SMB’s Grand Slam: Brown’s untold story
This year marks the 25th anniversary of San Miguel Beer’s PBA Grand Slam. It was an achievement made even more enormous by what the franchise had gone through during those times. In 1986, because of the economic and political changes of the times, the team took a leave of absence during the first two conferences of the season, the only time the Beermen did not play in the league in 40 years. In the Open Conference, the entire national team, then carrying Northern Cement, entered the league, save for Allan Caidic who was prevailed upon to stay with the national squad. At the end of 1987, the new edition San Miguel Beer won its first championship under head coach Norman Black, almost sweeping Hills Brothers in the finals.
At the time, Ricardo Brown had already had a successful few years with Great Taste Coffee. Despite being a youngster among legendary players from the Crispa and Toyota teams of the 1970’s, Brown was often asked to carry the team, and they won four straight championships bridging 1984 and 1985, and two more in 1987. But the times were changing, and the veterans on the squad were retiring or being traded. Brown knew it was time to leave. Black, whom Brown had played alongside in 1983, was opening the door to SMB.
“It wasn’t easy at first, because they were popular they were already successful, and I was a very popular player myself coming in,” recalls Brown. “I’d won an MVP; I’d made the Mythical Five many times. So coming in to that team I wasn’t quite sure how that’s gonna work, but I trusted Norman, that he wouldn’t bring me there unless he felt that I would be an asset. But obviously, when I came in, there were gonna be playing time issues. Some players got a lot playing time the previous year. To the credit of the players that were affected, it never really was brought to me on a personal level, and we all played together. My relationship with Hector Calma, Franz Pumaren, and Samboy Lim, and Alfie Almario, we go way back, you know when I came first here in the Philippines. It became easy, because of the style of player of San Miguel if fit me like a glove.”
Brown also relished the fact that he wasn’t really required to score, and was free to create. Having all that talent on the fastbreak was just such as luxury, and it conjured memories of watching Earl Monroe.

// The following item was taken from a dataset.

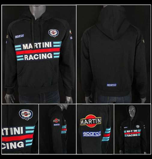Hoodie homme Martini Racing Sparco Grande poche devant avec 2 entrées latérales - Capuche avec lacet Couleur noir - Matière 35% Coton / 65% Polyester Sparco 01279MRNR 89,95 € TTC / Incl. Taxes
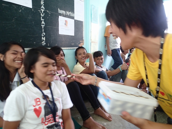 それから、用意したお菓子を、こどもたち1人1人に「あ~ん」してあげる、という方法で配りました。

“When I had the ball in the middle, and I had two on the wings and I had a couple of trailers, a couple of defenders, that’s when my eyes got big,” Brown admits. “I didn’t know what I was gonna do, I never knew what I was gonna do. Let just go with this and let’s see what’s gonna happen and what we’re gonna put on the canvas.”
The Beermen also won the Open Conference in 1988, needing seven games to put away Purefoods. In the season-ending Reinforced Conference, they were all set to face Shell in the finals, and were finishing up their games, when tragedy struck Brown in their last game, ironically against his former team, now known as Presto Tivoli.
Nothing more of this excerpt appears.